> [Supplied data]

=== Begin Enclosure ===

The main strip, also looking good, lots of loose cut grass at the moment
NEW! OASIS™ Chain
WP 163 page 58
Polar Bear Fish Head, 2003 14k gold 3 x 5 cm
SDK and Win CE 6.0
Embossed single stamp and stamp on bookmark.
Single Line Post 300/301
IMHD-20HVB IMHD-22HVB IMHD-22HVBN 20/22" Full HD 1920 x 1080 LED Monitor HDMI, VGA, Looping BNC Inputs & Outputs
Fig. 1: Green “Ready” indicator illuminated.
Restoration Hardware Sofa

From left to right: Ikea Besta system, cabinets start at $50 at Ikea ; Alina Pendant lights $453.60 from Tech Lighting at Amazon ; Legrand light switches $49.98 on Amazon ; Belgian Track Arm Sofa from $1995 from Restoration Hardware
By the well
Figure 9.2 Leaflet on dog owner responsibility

=== End Enclosure ===
=== Begin Enclosure ===

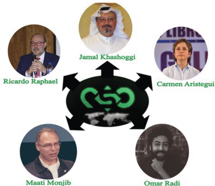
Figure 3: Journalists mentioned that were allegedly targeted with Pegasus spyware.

=== End Enclosure ===
=== Begin Enclosure ===

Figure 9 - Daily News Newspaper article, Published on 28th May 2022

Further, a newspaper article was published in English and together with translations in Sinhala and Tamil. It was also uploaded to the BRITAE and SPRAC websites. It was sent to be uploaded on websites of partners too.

=== End Enclosure ===

> [Required action] Provide solely the number of lines in the data that include the word "Hardware".

> [Answer area] 2